Work request | Look below for the line with "原理:通过选择性的光热作用,减少了痤疮厌", then repeat it and all lines after it, exactly, minus any pictures.
Start of Data extracts
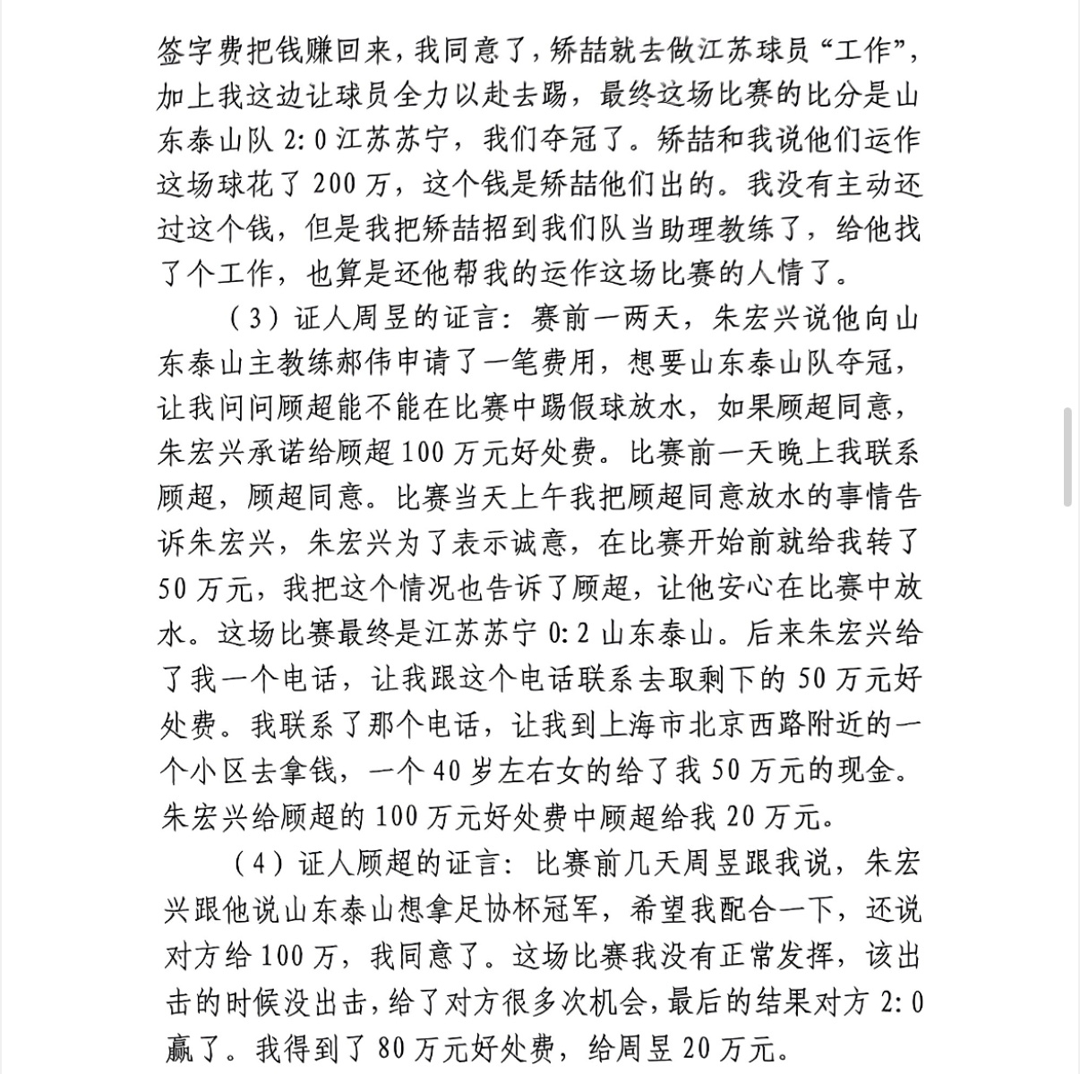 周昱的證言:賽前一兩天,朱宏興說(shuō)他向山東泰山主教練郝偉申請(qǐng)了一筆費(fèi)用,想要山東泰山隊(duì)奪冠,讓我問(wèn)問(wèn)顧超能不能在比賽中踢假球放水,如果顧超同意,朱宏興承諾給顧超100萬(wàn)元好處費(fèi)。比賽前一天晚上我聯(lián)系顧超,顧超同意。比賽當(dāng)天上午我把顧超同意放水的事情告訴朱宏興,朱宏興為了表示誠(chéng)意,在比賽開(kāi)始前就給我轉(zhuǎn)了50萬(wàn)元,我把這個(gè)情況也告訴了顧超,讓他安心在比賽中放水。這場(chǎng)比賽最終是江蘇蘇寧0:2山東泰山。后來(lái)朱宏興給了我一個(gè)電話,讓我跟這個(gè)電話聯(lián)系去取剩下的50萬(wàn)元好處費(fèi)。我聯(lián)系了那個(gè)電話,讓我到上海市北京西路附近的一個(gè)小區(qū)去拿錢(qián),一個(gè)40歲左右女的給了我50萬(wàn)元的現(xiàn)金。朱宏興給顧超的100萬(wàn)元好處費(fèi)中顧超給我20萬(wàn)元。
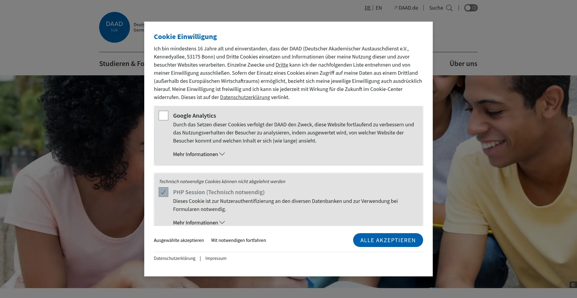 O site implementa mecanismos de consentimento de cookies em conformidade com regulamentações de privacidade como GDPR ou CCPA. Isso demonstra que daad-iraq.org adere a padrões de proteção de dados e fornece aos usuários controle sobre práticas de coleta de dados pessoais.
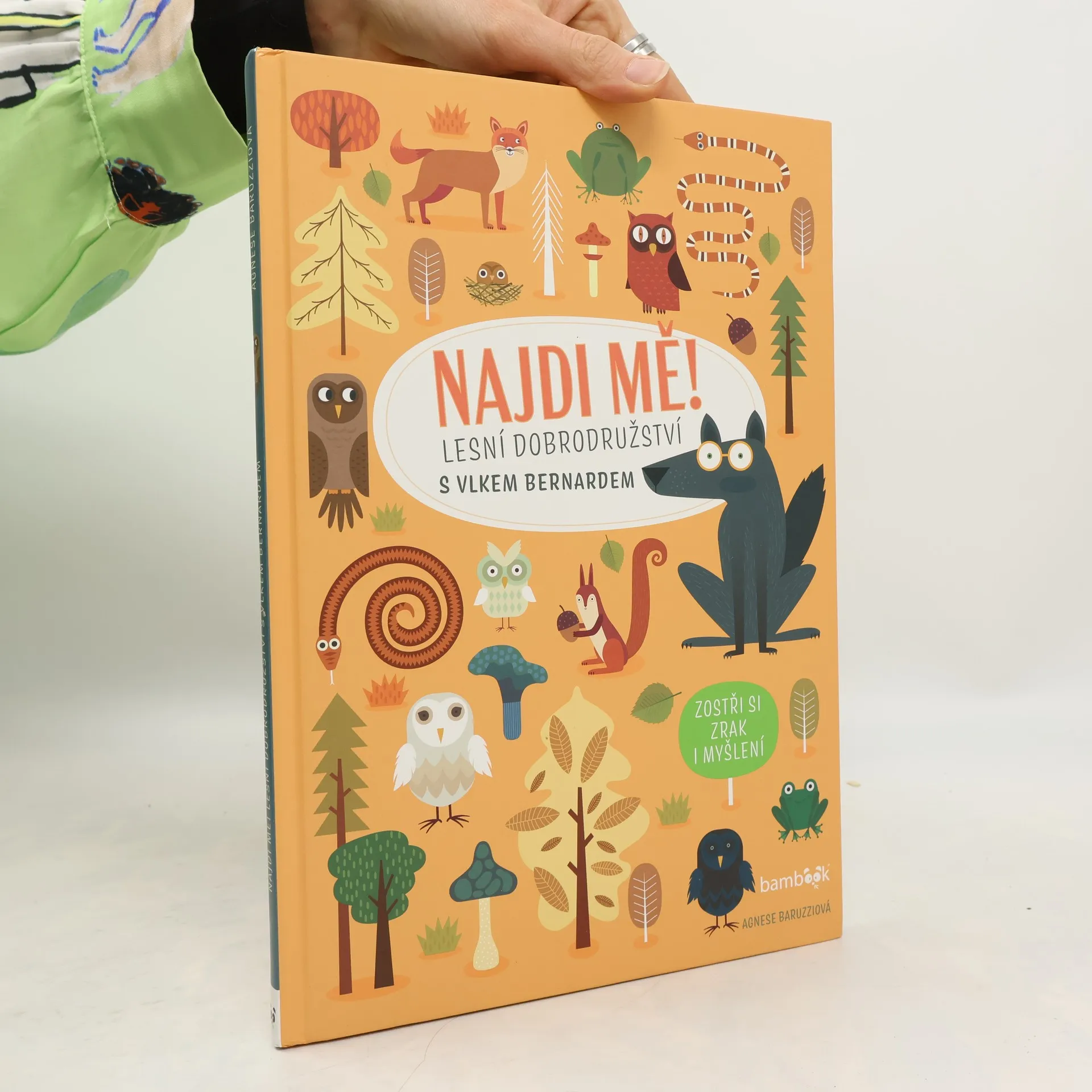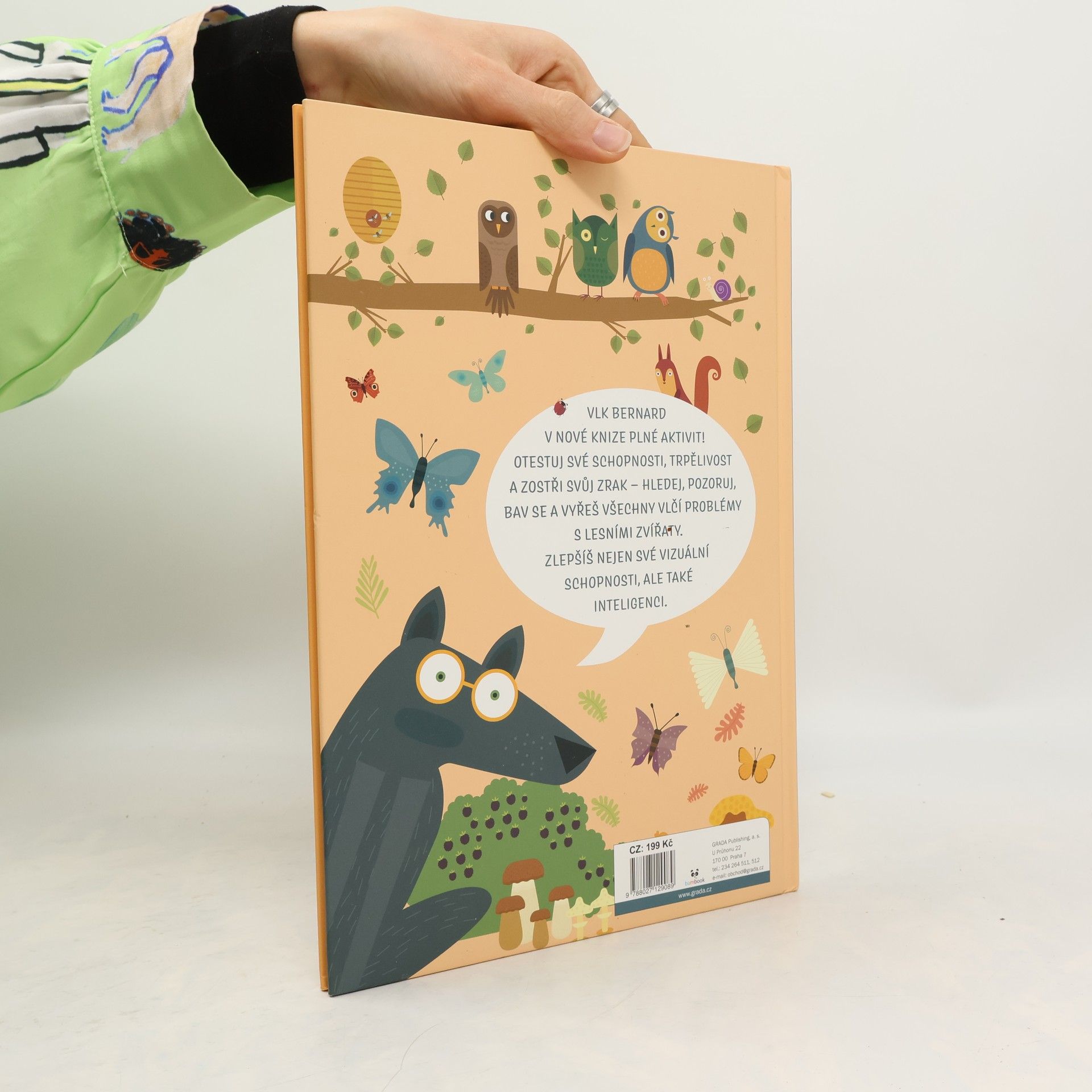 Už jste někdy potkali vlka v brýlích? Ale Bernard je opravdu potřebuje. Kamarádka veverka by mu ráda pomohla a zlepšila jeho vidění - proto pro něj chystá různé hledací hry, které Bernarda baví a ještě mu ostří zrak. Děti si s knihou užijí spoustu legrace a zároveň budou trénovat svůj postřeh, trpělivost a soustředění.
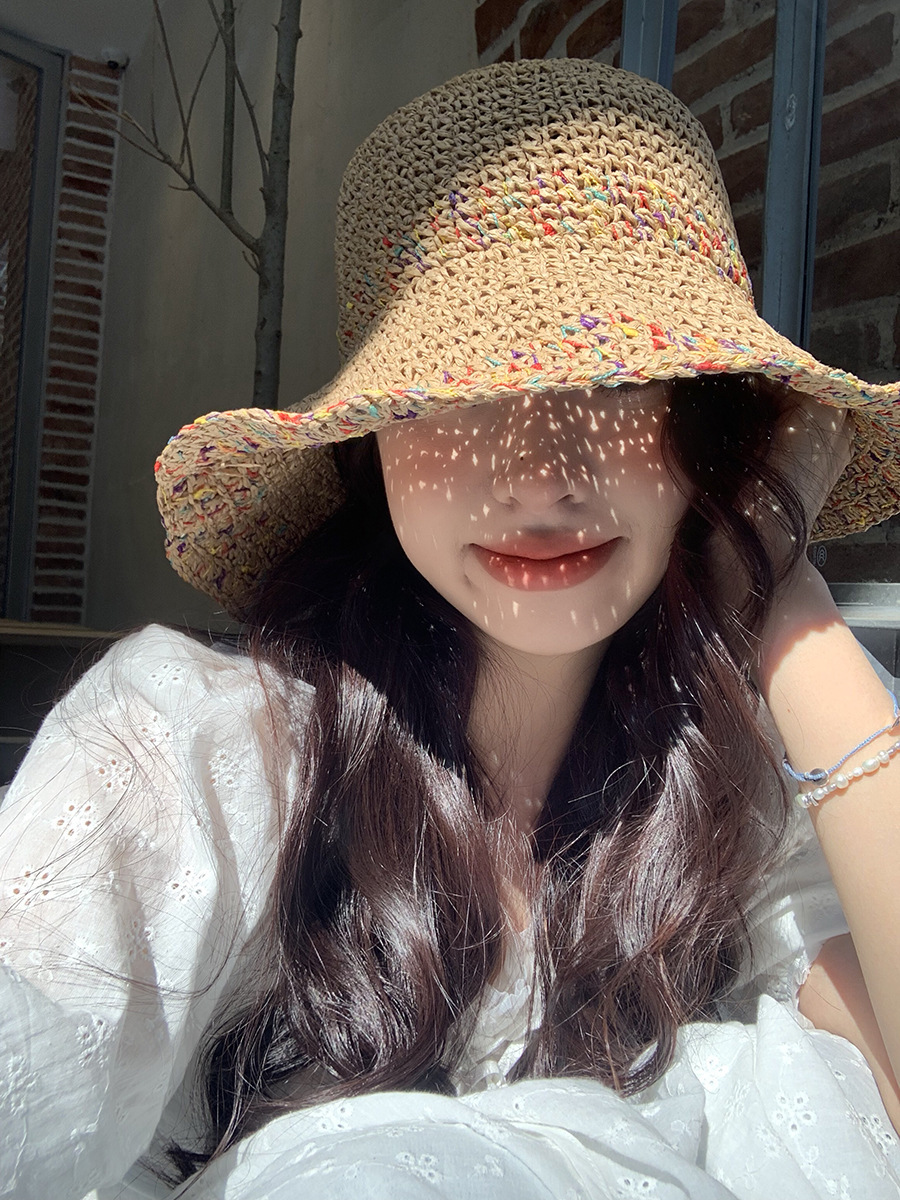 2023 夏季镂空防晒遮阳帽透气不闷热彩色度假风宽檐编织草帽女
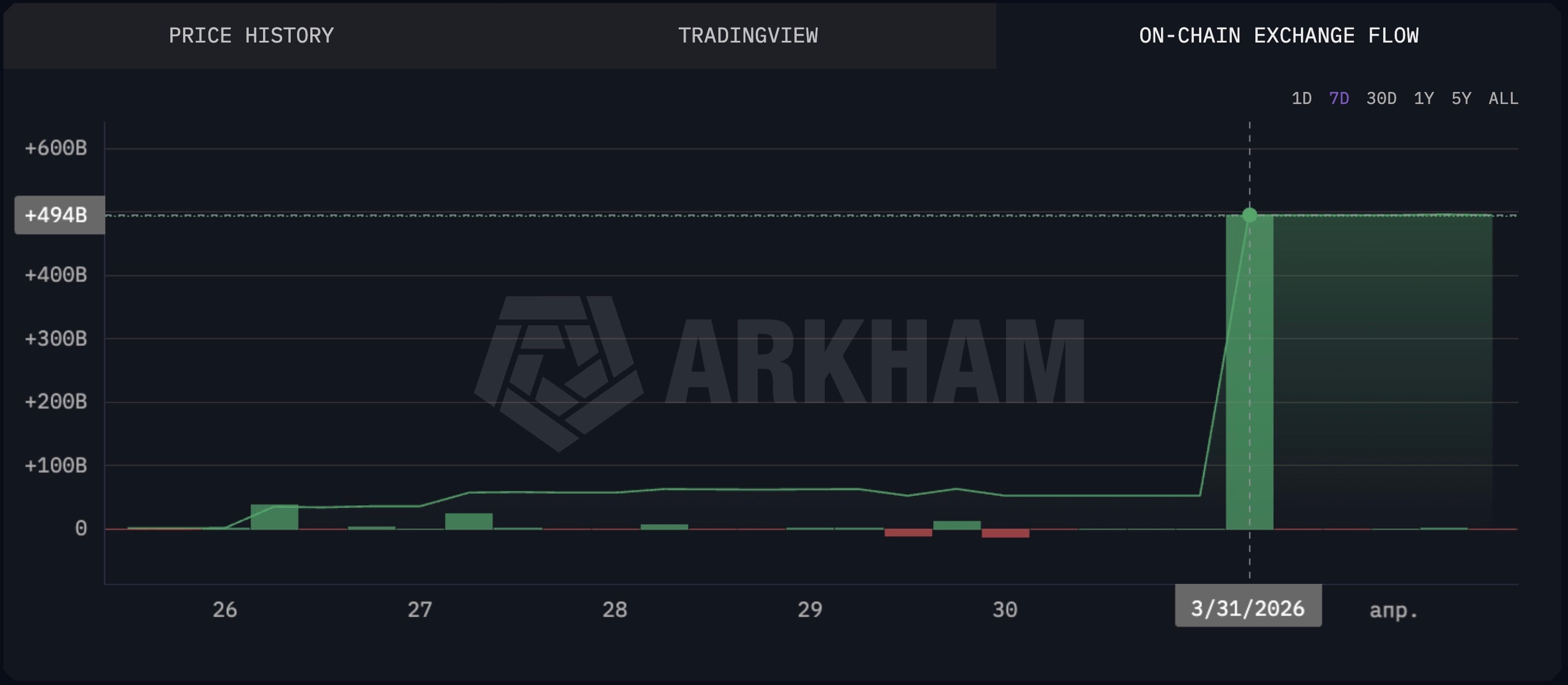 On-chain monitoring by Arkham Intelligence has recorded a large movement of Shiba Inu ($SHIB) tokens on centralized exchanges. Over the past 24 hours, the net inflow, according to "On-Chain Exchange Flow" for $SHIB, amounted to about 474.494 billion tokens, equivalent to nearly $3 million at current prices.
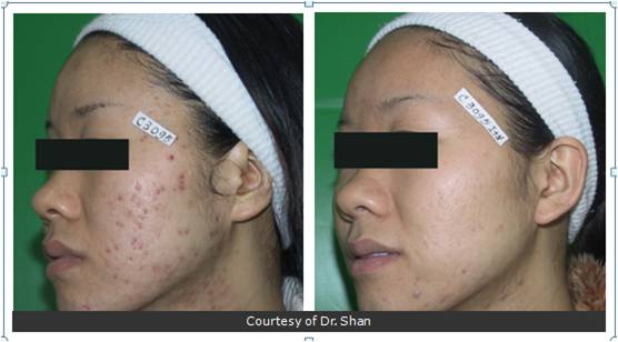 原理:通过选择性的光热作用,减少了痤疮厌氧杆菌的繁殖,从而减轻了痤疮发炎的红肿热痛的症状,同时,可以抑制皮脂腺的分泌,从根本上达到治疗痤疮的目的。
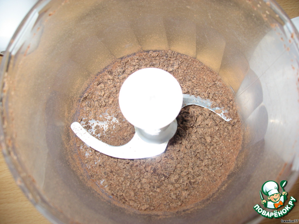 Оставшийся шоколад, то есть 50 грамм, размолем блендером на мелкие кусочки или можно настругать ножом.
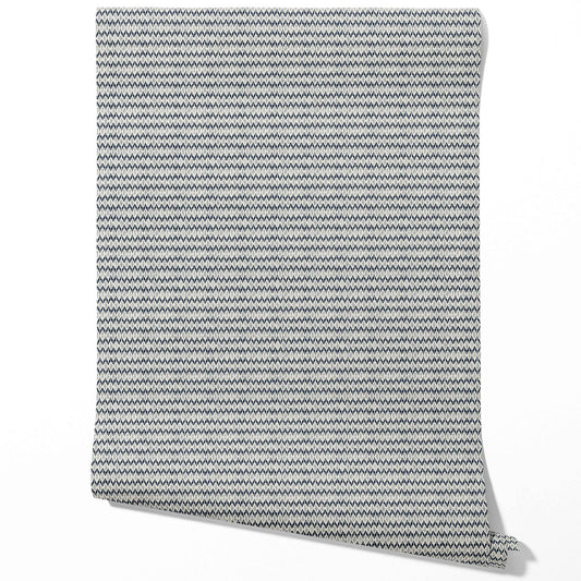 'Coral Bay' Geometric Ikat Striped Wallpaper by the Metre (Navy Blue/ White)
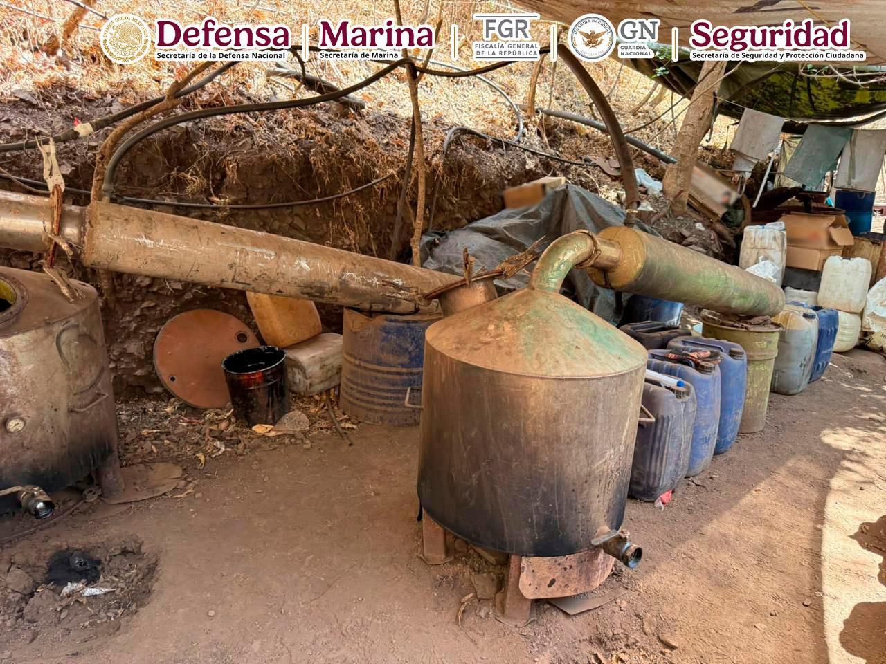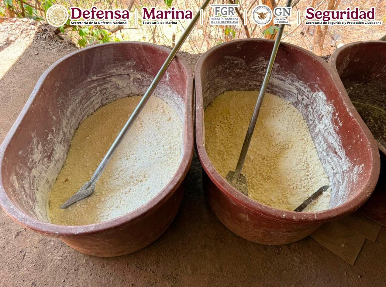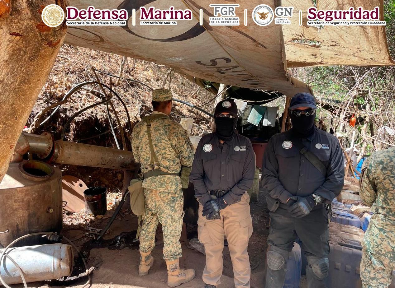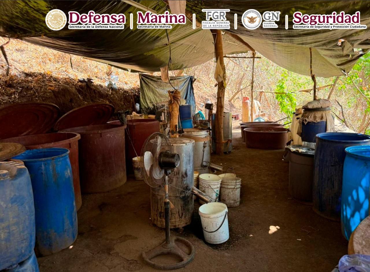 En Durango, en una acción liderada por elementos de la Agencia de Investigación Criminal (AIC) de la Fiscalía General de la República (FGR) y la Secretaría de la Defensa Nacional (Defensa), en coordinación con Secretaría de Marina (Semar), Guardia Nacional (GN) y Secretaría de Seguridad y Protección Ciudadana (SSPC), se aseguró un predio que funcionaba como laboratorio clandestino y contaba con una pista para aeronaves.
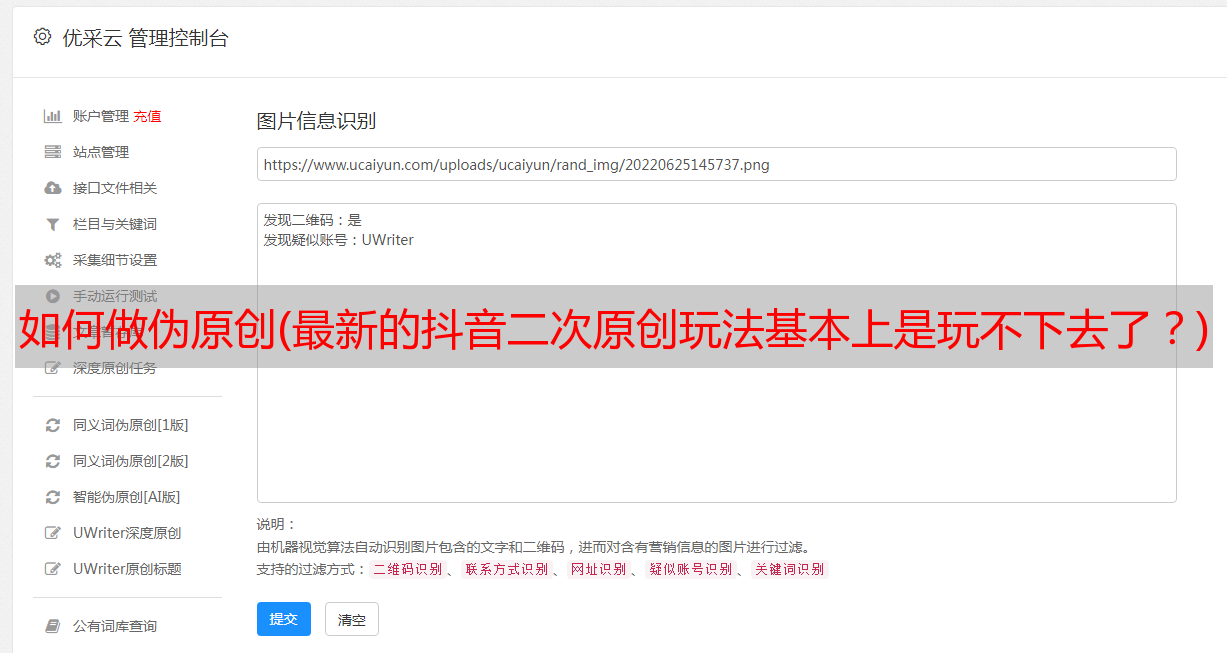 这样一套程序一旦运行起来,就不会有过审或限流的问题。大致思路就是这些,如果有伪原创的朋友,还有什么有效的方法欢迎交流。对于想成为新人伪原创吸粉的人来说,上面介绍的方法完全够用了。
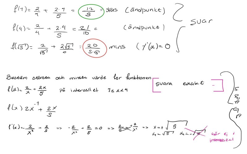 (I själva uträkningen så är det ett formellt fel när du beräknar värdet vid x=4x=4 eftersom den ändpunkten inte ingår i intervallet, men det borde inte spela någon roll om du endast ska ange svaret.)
End of Data extracts
Exercise result |
 原理:通过选择性的光热作用,减少了痤疮厌氧杆菌的繁殖,从而减轻了痤疮发炎的红肿热痛的症状,同时,可以抑制皮脂腺的分泌,从根本上达到治疗痤疮的目的。
 Оставшийся шоколад, то есть 50 грамм, размолем блендером на мелкие кусочки или можно настругать ножом.
 'Coral Bay' Geometric Ikat Striped Wallpaper by the Metre (Navy Blue/ White)
 En Durango, en una acción liderada por elementos de la Agencia de Investigación Criminal (AIC) de la Fiscalía General de la República (FGR) y la Secretaría de la Defensa Nacional (Defensa), en coordinación con Secretaría de Marina (Semar), Guardia Nacional (GN) y Secretaría de Seguridad y Protección Ciudadana (SSPC), se aseguró un predio que funcionaba como laboratorio clandestino y contaba con una pista para aeronaves.
 这样一套程序一旦运行起来,就不会有过审或限流的问题。大致思路就是这些,如果有伪原创的朋友,还有什么有效的方法欢迎交流。对于想成为新人伪原创吸粉的人来说,上面介绍的方法完全够用了。
 (I själva uträkningen så är det ett formellt fel när du beräknar värdet vid x=4x=4 eftersom den ändpunkten inte ingår i intervallet, men det borde inte spela någon roll om du endast ska ange svaret.)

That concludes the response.